Nations Educational, Scientific and Cultural Organization (UNESCO) Statistical Yearbook and World Education Report, for example, show that in the United States more than 80 percent of the population has some post-secondary education, and about 25 percent of the population has a four-year degree from a university. Statistics also show that per-capita energy use and waste generation in the United States are nearly the highest in the world. In the case of the United States, more education has not led to sustainability. Clearly, simply educating citizenry to higher levels is not sufficient for creating sustainable societies. The challenge is to raise the education levels without creating an ever-growing demand for resources and consumer goods and the accompanying production of pollutants.

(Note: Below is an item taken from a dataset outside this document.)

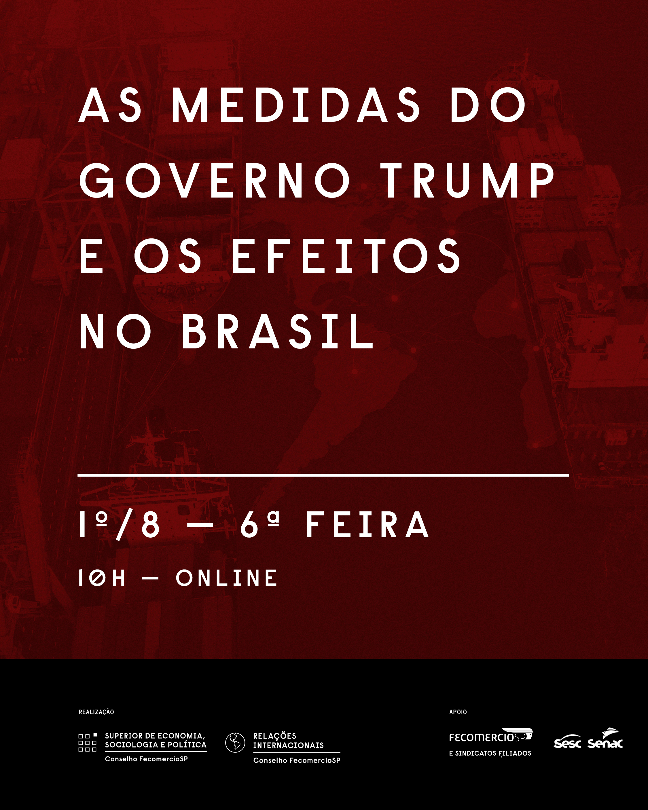 No mesmo dia, a partir das 10h, os Conselho de Relações Internacionais e o Conselho Superior de Economia, Sociologia e Política, ambos da FecomercioSP, promoverão a live As Medidas do Governo Trump e os Efeitos no Brasil.
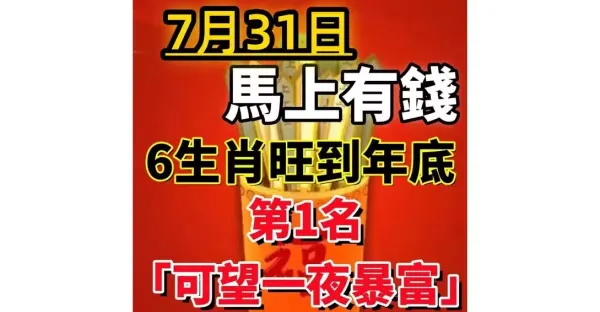 明天31號 (7月最後一天)橫財最旺的六生肖

So, in summary, we should be trying to find out how to educate people without letting them become affluent and thus wanting creature comforts like nice cars, large homes, electronic gadgets, etc. All for the sake of cutting back on pollution. Sound...rather Orwellian? It is. And notice that there’s no mention of finding ways to provide “consumer goods” that cause less pollution. Only mention of reducing demand for those consumer goods. Because I guess that’s the role of government. To keep us from wanting things.
Dr. McKeown’s work on this “toolkit,” per the North Dakota Policy Council, was made possible by the Waste Management Resource and Education Institute, an organization that receives 78.5% of its funding from the US Department of Education, the Department of Defense, the Environmental Protection Agency, and the Tennessee Valley Authority. Meaning the funding for this nonsense about keeping people poor and uneducated for the sake of the environment (or, at the very least, making people want less stuff) came out of your wallets.
As I’ve been saying for a while now, global warming for many isn’t so much about actually protecting the environment as it’s about a desire to control every aspect of your life. If “pollution” can be used as an excuse to keep you from getting that new SUV you want, or from buying that new Blackberry you’ve had your eye on, these big-government liberals who are pushing environmentalism are going to do it. Because what they really want is power.